Le niveau socio économique des habitants à Rishon LeZion et à Haïfa est plus élevé qu’à Beersheva et dans ces deux cas les cas d’obésité sont avant tout dépendants des habitudes alimentaires développées à la maison, de l’éducation,  du style de vie et non pas  des caractéristiques de l’environnement bâti ou du fait qu’il existe davantage de zones piétonnes ou cyclables.

Dans tous les cas de figure plus l’enfant est sédentaire plus le risque qu’il soit en surpoids est élevé.  Pour autant dans aucun des trois cas étudiés il n’a pu être établi de corrélation scientifique et  directe entre l’obésité et l’environnement bâti. L’incidence s’explique  avant tout par le style de vie. La piétonisation ou non de la ville n’a en fait pas d’effet significatif sur l’obésité en Israël.

La malbouffe fait des ravages partout dans le monde

“A partir de toutes les recherches menées dans le monde nous espérions identifier  un lien  entre l’environnement bâti,  la présence de zones piétonnes ou cyclables et l’offre d’activités physiques  et l’obésité .  On pouvait s’attendre à un moindre surpoids quand  les jeunes  sont plus actifs. Nous n’avons pas pu trouver de corrélation avec la marche à pied sauf à Beersheva mais de manière limitée”, résume Orna Baron-Epel.

De manière générale de très nombreux facteurs influent sur  la prise de poids dont le statut socio-économique. L’obésité est un sujet de santé publique grave car laisser développer un surpoids  conduit à des maladies chroniques comme le diabète et à des affections cardiaques.

Un récent rapport de l’OMS dénonce les changements sociétaux et  les mutations du système alimentaire mondial. Partout sur la planète, on a désormais plus facilement accès aux aliments et boissons ultra transformés, riche en sucres, en graisses ou en sel.
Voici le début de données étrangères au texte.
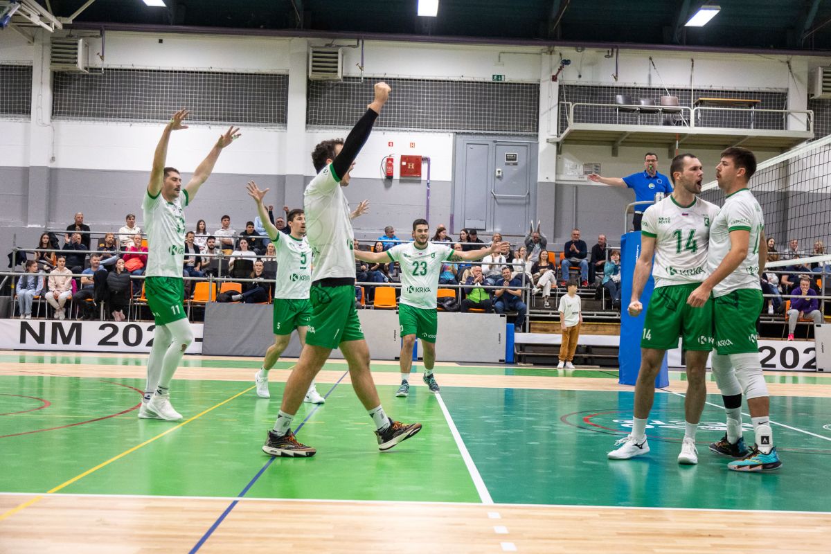 Po dobrem začetku so si domači hitro priigrali nekoliko višjo prednost (8:3), ki pa je skozi prvi set izginila. Kljub temu so ohranili mirno glavo in prvi set dobili z rezultatom 25:23. Tudi drugi set se je začel podobno kot prvi – nekaj več želje in kontrole nad igro je pokazala ekipa Krke, ki pa uvodne prednosti ni uspela zadržati. Dobro igro in zbranost v obrambi so prikazali Štajerci, ki so drugi set dobili s 25:20.

“La disparition progressive des endroits où on vend des aliments frais, l’augmentation des supermarchés et le contrôle de la chaîne alimentaire par des multinationales dans de nombreux pays” créent de cas d’obésité soulignent les auteurs du rapport. Cela se combine avec une baisse de l’activité physique dans les pays en développement, due à l’amélioration du niveau de vie.
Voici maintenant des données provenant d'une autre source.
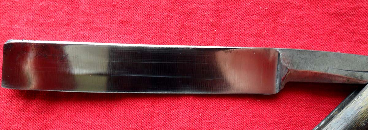 Ручка - рог, поверхность не гладкая, но особо сильных трещин и деформаций нет, есть мнение, что после обработки наждачной бумагой примет вполне приличный вид.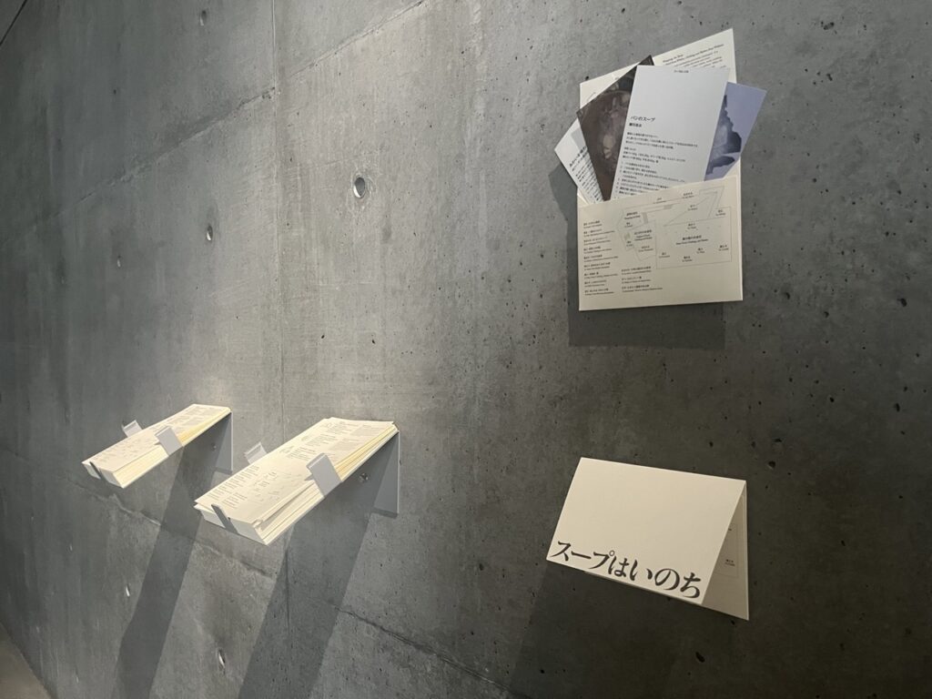 展示入口には、会場の地図が記された封筒が用意され、来場者はそれを手に取り作品を巡ります。本展覧会に参加する料理家等が拵えた、展示作品に対応するスープのレシピカードを、手紙のように封筒に収め持ち帰ることで、鑑賞後も「つくる」や「味わう」へとスープをめぐる物語が続いていきます。

Et parfois, un même enfant peut être à la fois obèse et en retard de croissance, en raison d’une alimentation trop riche en calories mais pauvre en nutriments.

L’obésité doit être prévenue dès le plus jeune âge car on constate qu’il est très  difficile de perdre du poids en tant qu’adulte après avoir été en surpoids à l’adolescence ou pendant l’enfance. L’obésité de l’enfant se prolonge  généralement à l’âge adulte et ne se contente pas de faire des dommages physiques mais aussi des dommages psychologiques dont des dépressions, une perte d’estime. Le niveau d’éducation des personnes obèses est souvent moindre car déconsidérées par leur aspect physique ces personnes  hésitent à se lancer dans des études longues.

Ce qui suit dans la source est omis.